From: Konstantin Knizhnik <knizhnik(at)garret(dot)ru>
To: Melanie Plageman <melanieplageman(at)gmail(dot)com>
Cc: Aleksander Alekseev <aleksander(at)timescale(dot)com>, PostgreSQL Hackers <pgsql-hackers(at)postgresql(dot)org>
Subject: Re: New criteria for autovacuum
Date: 2025-04-04 19:27:45
Message-ID: 39b8c638-0762-4d43-ba9c-68accc902f9f@garret.ru
Views: Raw Message | Whole Thread | Download mbox | Resend email
Thread:
Lists: pgsql-hackers


On 04/04/2025 7:10 pm, Melanie Plageman wrote:
> On Fri, Apr 4, 2025 at 1:53 AM Konstantin Knizhnik<knizhnik(at)garret(dot)ru> wrote:
>> What is needed to reproduce the problem?
>> 1. Table with populated data
>> 2. Presence of transaction with assigned XID which prevents vacuum from
>> marking pages of this table as all visible
>> 3. Vacuum or autovacuum processed this table (to eliminate dead tuple
>> and reset number of inserted tuples since last vacuum).
>>
>> After this 3 steps autovacuum will never be called for this table (at
>> least until forced vacuum caused by wraparound).
>> And IOS will not be used or be very inefficient fot this table.
> ISTM, this is more an issue of ins_since_vacuum being reset to 0 in
> pstat_report_vacuum() even though those inserted tuples weren't
> necessarily frozen and their pages not set all-visible. I don't know
> exactly how we could modify that logic, but insert-triggered vacuums
> are meant to set pages all-visible and freeze tuples, and if they
> don't do that, it doesn't quite make sense to zero out the counter
> that could trigger another one.
>
> That being said, long-running transactions are a problem for
> autovacuum in general. Even if you track this stat you are proposing
> about heap fetches by index only scans, you won't know if the long
> running transaction is over and thus if it makes sense to try and
> trigger an autovacuum for that table again anyway.
>
> - Melanie

From logical point of view I agree with you: taken in account number of
inserted tuples makes sense if it allows to mark page as all-visible.
So `ins_since_vacuum` should be better renamed to
`ins_all_visible_since_vacuum` and count only all-visible tuples. If
newly inserted tuple is not visible to all, then it should not be
accounted in statistic and trigger autovacuum. But I have completely no
idea of how to efficiently maintain such counter: we should keep track
of xids of all recently inserted tuples and on each transaction commit
determine which one of them become all-visible.

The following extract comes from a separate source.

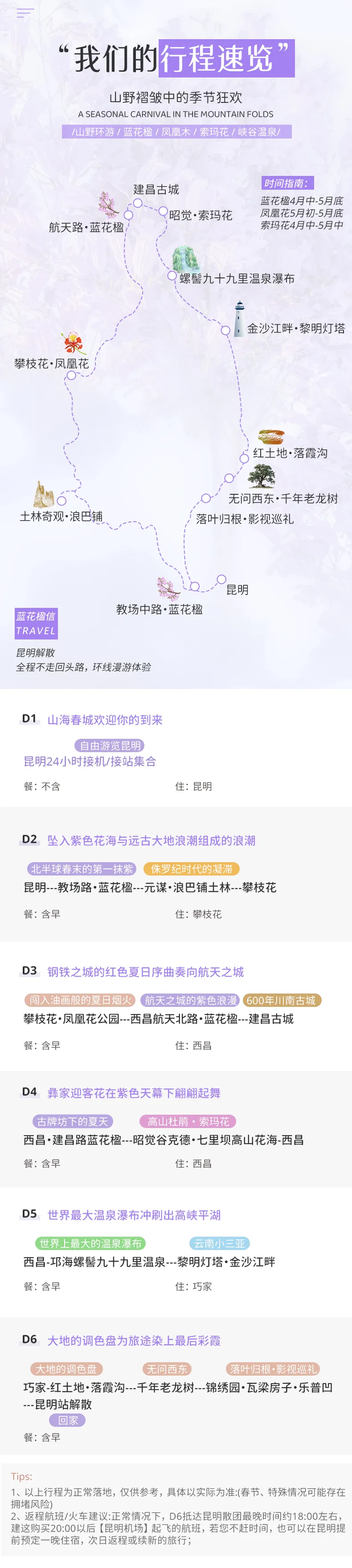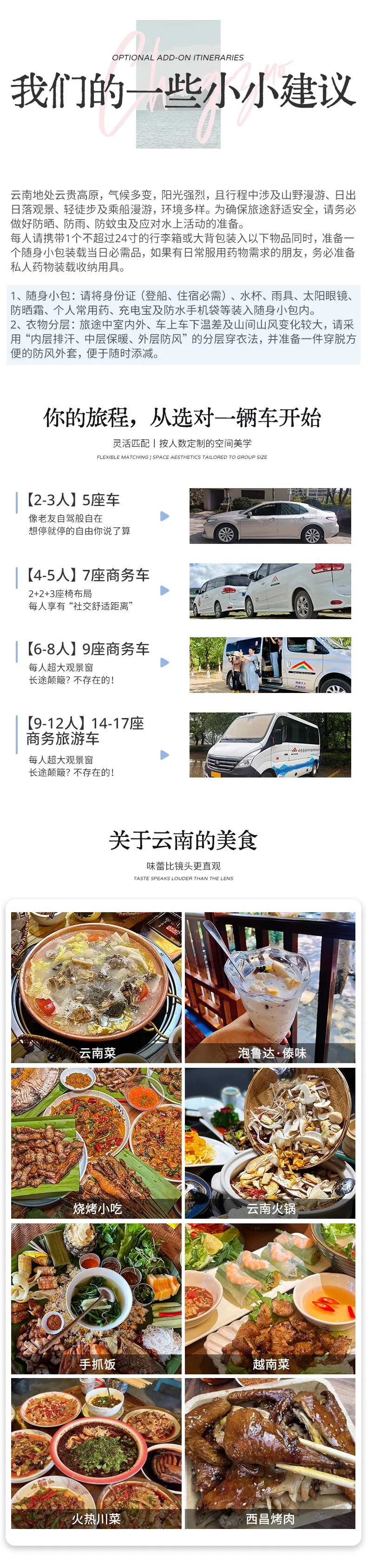 3. 城市间路途较远,景点较分散,故乘车时间较长,请备好晕车药,夏季温差大,自备常用晕车药等药品,避免生病中暑。

And your suggestion just to not reset `ins_since_vacuum` until all of
them becomes all-visible may be easier to implement, but under permanent
workload it can lead to situation when `ins_since_vacuum` is never reset
and at each vacuum iteration cause vacuuming of the table. Which may
cause significant degrade of performance. Even without long-living
transactions.

So I still think that maintaining count of heap visibility check is the
best alternative. It quite easy to implement, adds almost no overhead
and this information indicates efficiency of index-only scan. So it
seems to be useful even if not used by autovacuum.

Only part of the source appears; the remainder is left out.